Tutorials¶
This section provides comprehensive tutorials for using DeepLens.
Tutorial Series¶
The DeepLens repository includes several tutorial scripts that cover different aspects of the library:
Script |
Description |
|---|---|
|
Introduction to DeepLens basics: loading lenses, ray tracing, PSF calculation, and image rendering |
|
End-to-end lens optimization with vision tasks |
|
Automated lens design using curriculum learning |
|
Training neural surrogate models for fast PSF prediction |
|
Task-specific lens design for image classification |
|
Pupil and field analysis |
|
Hybrid refractive-diffractive lens design |
|
Computational photography applications |
Tutorial 1: Loading and Analyzing Lenses¶
Loading Lens Files¶
DeepLens supports multiple lens file formats:
from deeplens import GeoLens
# Load from JSON format
lens = GeoLens(filename='./datasets/lenses/camera/ef50mm_f1.8.json')

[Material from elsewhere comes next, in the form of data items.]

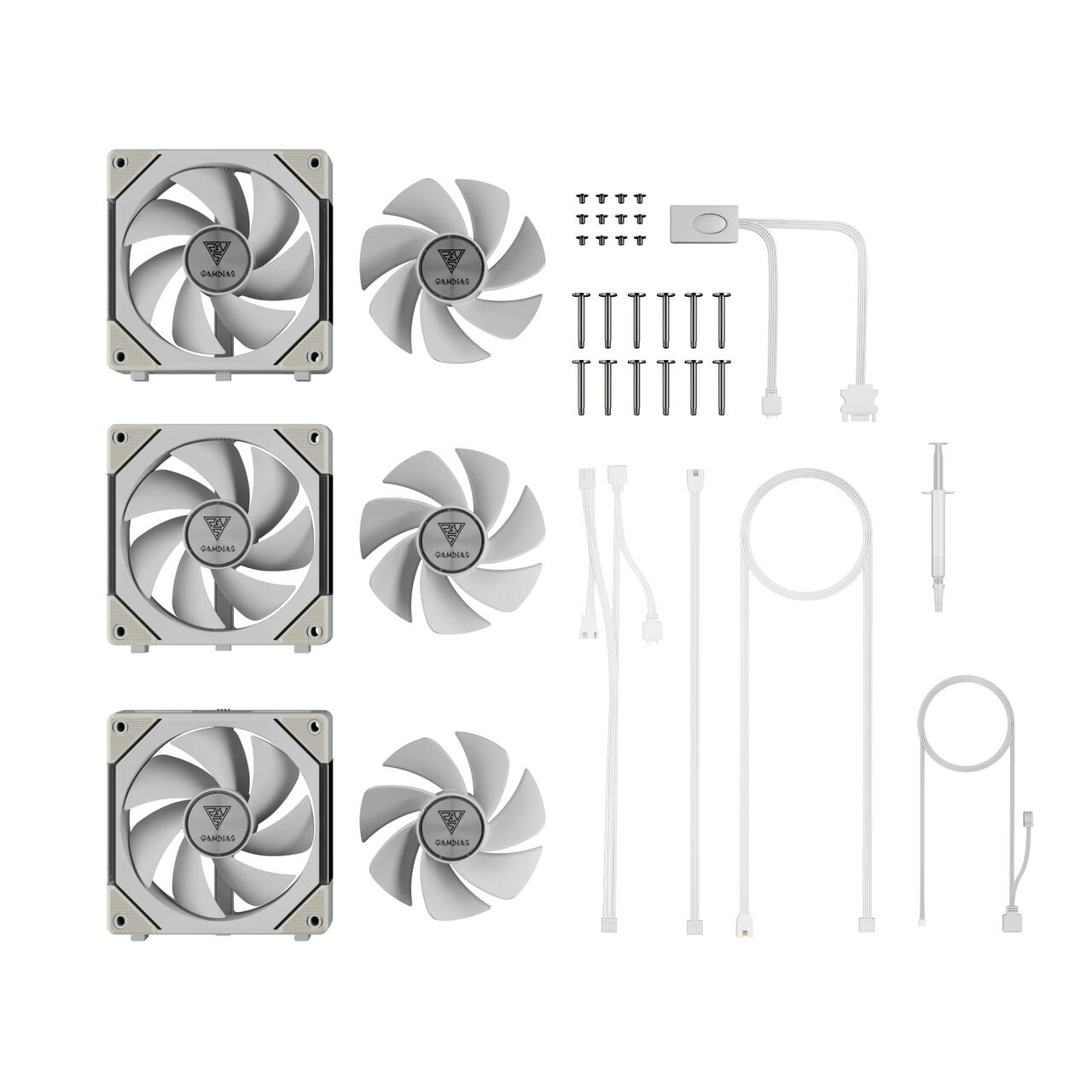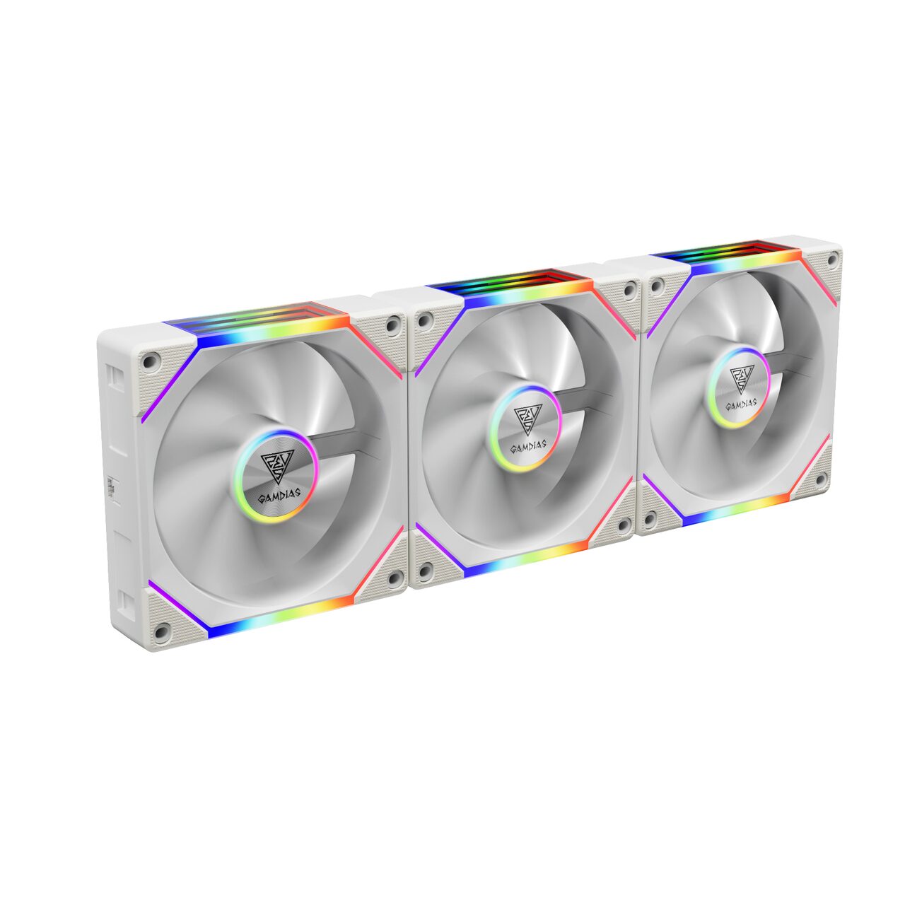Set 3 ventilatoare Gamdias Aeolus P2 1203 120mm albe iluminare aRGB
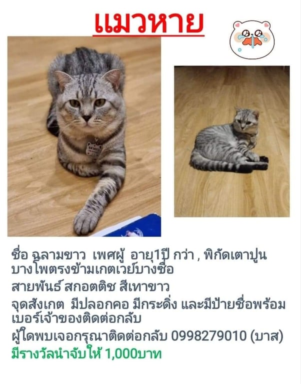 รอยตำหนิ: ทีคอมีปลอกคอ มีทั้งขื่อและเบอร์โทรแมวชื่อฉลามขาว ลานสลิดสีเทาดำ หัวกลมหูไม่ยาวมากในตาสีเหลิองมีวงรอบดวงตาสีดำ ขอบตามีลายดำเหมือนทาอายชาโด้ ปลายหางมีขนสีดำ มีปลอกคอ มีชื่อและเบอร์โทรเจ้าของ
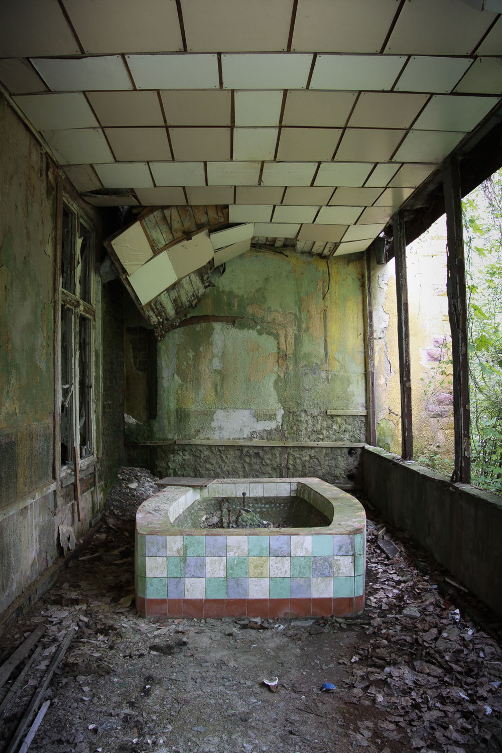 Auf der Veranda: ein gefliestes Becken, vielleicht ein Springbrunnen?
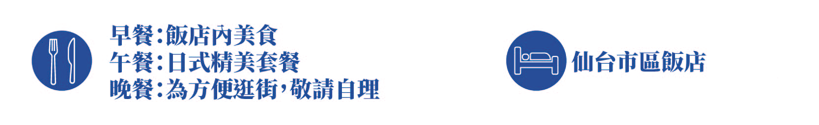 今日集合於台灣桃園國際機場,辦理出境手續後,搭乘豪華客機直飛東北~仙台空港,抵達後前往飯店休息
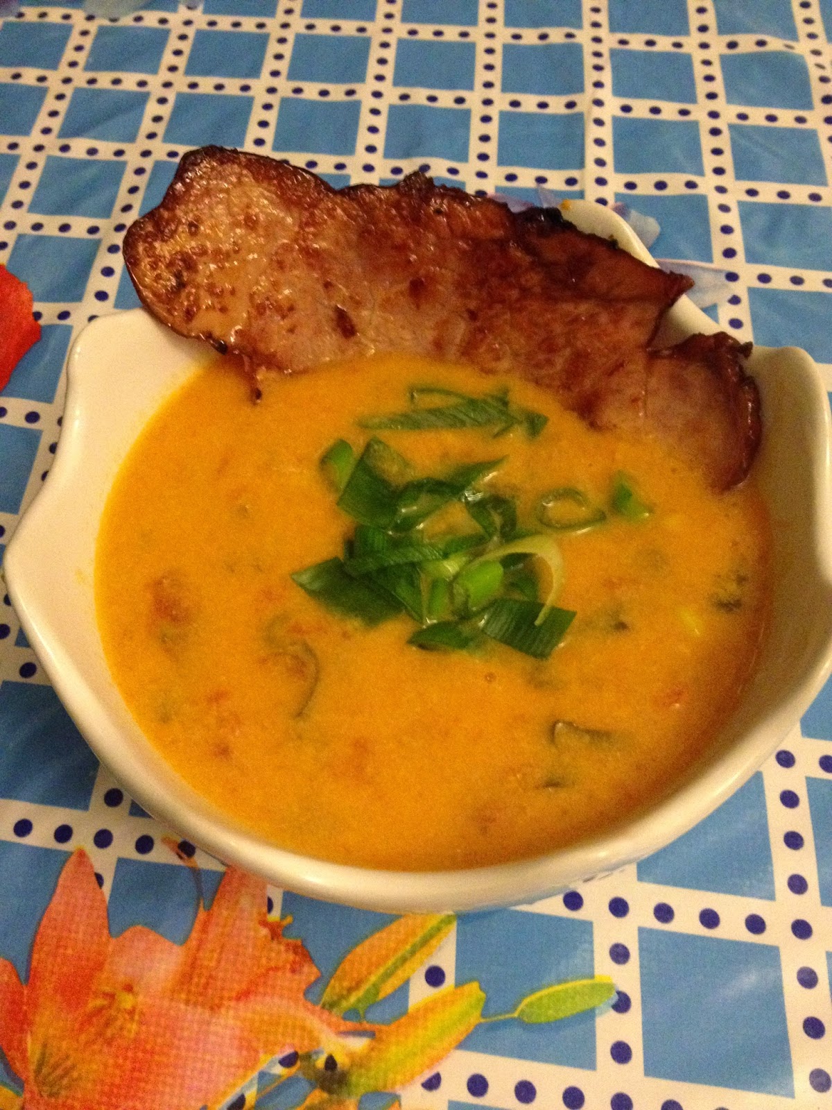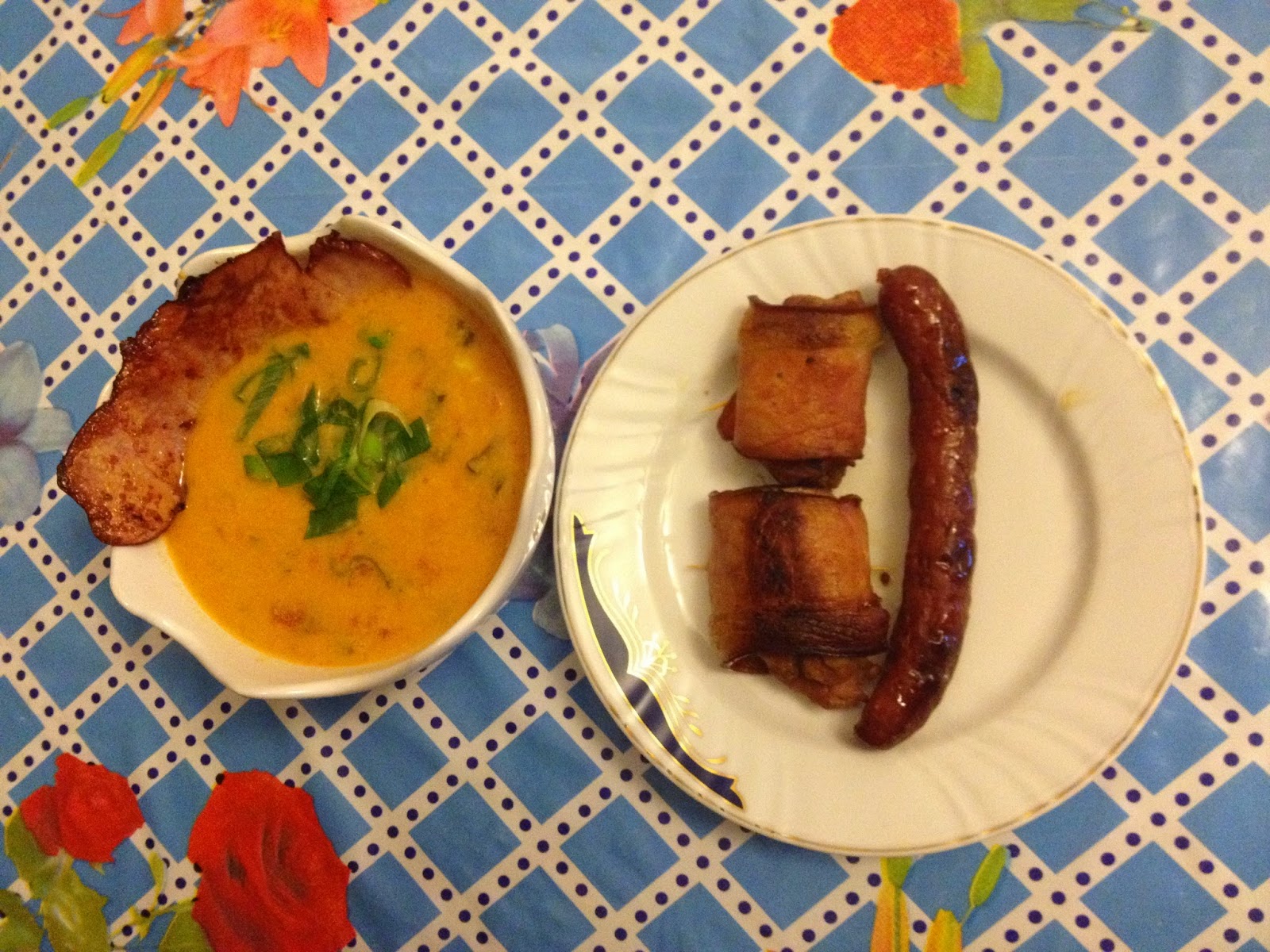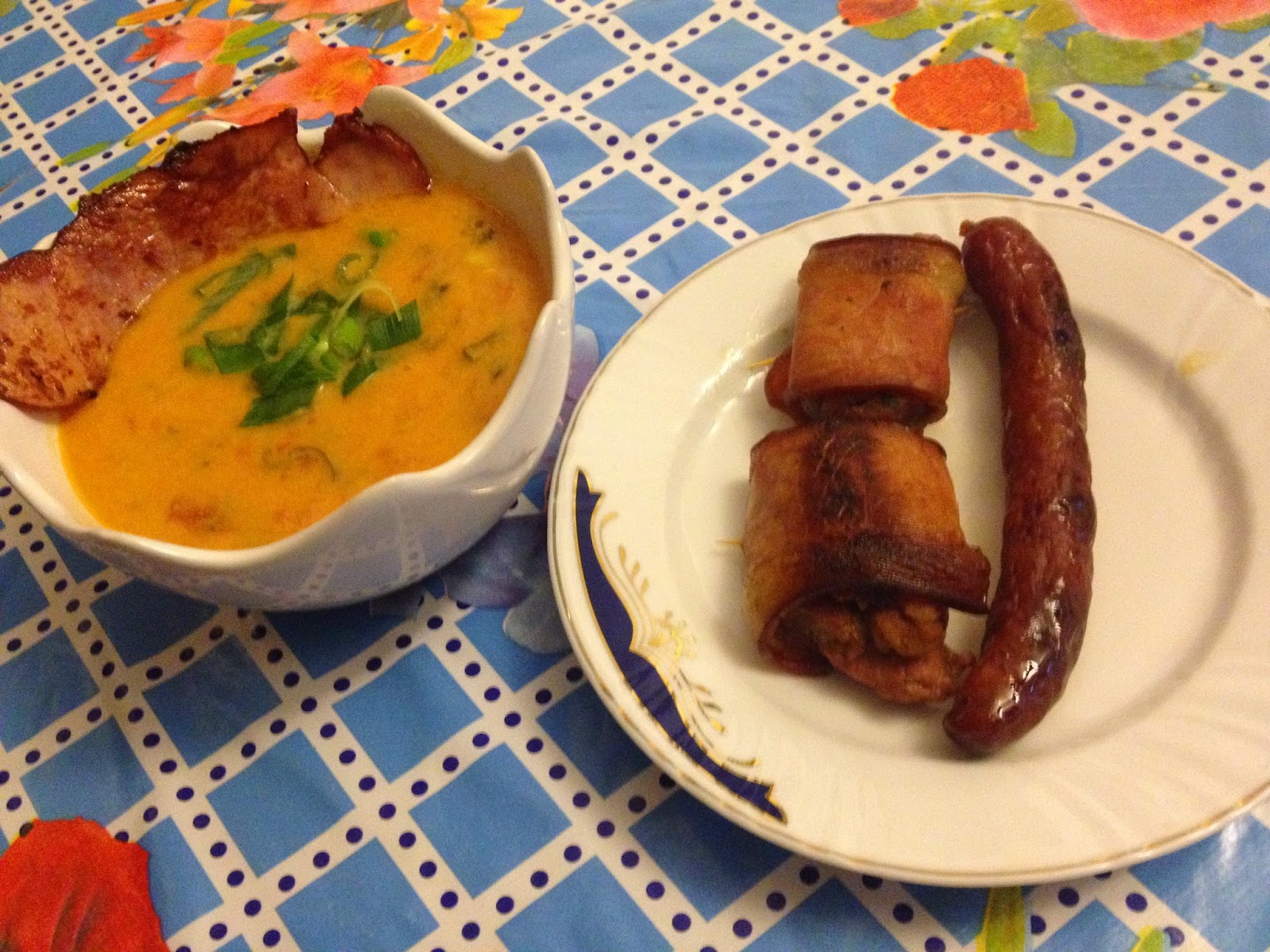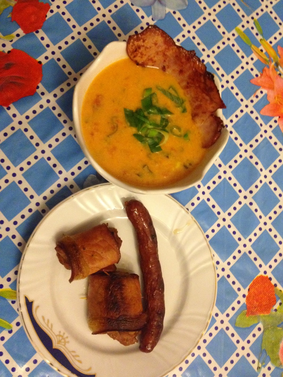 A-2-a saptamana cu Caroli: Supa de porumb si sunculita taraneasca de la Caroli cu muschiulet de porc invelit in sunculita taraneasca de la Caroli.

# Load from Zemax format (.zmx)
lens = GeoLens(filename='./datasets/lenses/zemax_double_gaussian.zmx')
Lens Properties¶
Access key lens properties:
import math
print(f"Focal length: {lens.foclen:.2f} mm")
print(f"F-number: {lens.fnum:.2f}")
# Compute entrance pupil diameter from pupil parameters
_, entr_r = lens.get_entrance_pupil()
print(f"Entrance pupil diameter: {2 * entr_r:.2f} mm")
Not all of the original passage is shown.